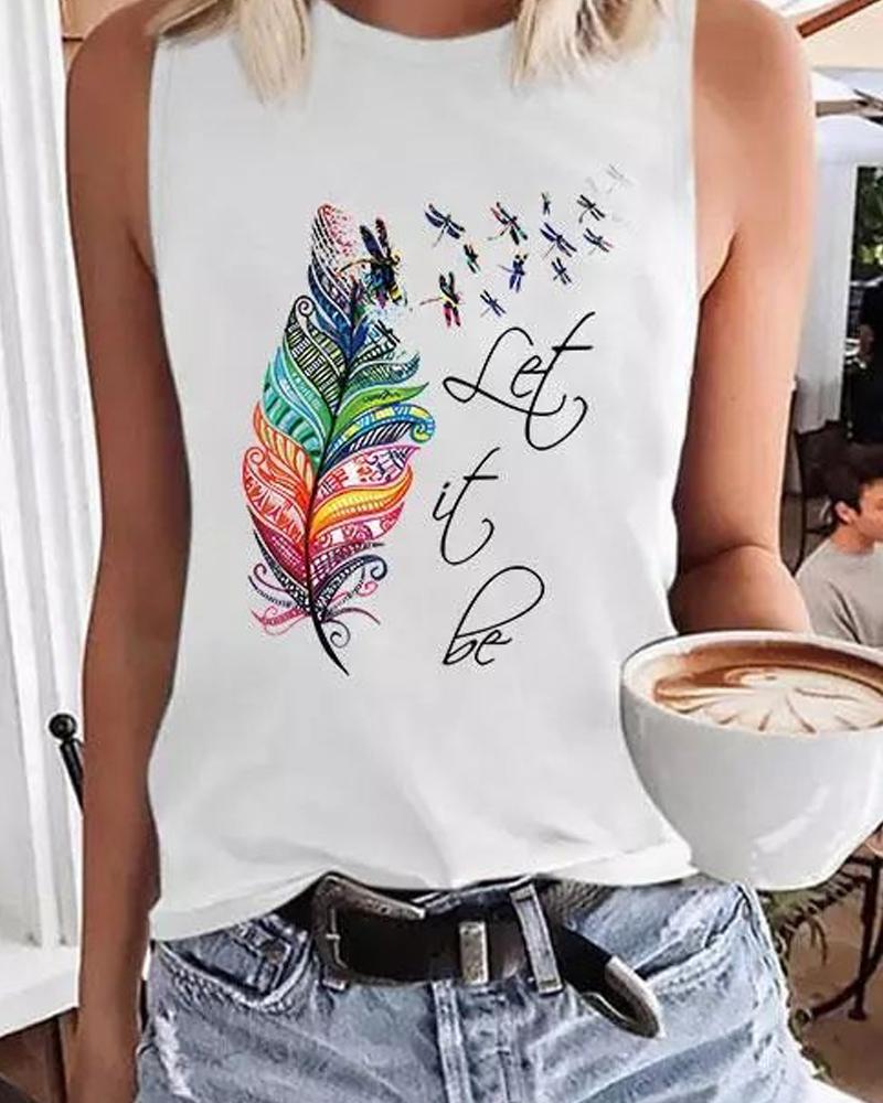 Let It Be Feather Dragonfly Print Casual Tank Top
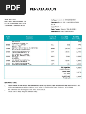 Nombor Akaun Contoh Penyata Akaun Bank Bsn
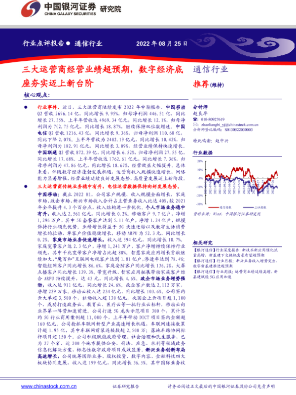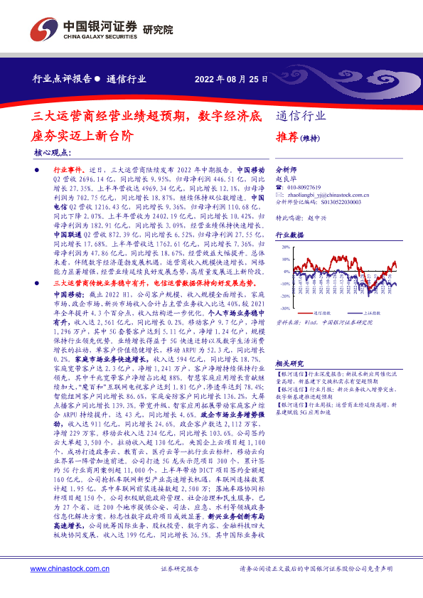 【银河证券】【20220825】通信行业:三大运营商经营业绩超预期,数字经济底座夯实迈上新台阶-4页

________

== What to do ==
Write out the data exactly, and exclude every picture it holds.

== Answer section ==
 Let It Be Feather Dragonfly Print Casual Tank Top
 Nombor Akaun Contoh Penyata Akaun Bank Bsn
 【银河证券】【20220825】通信行业:三大运营商经营业绩超预期,数字经济底座夯实迈上新台阶-4页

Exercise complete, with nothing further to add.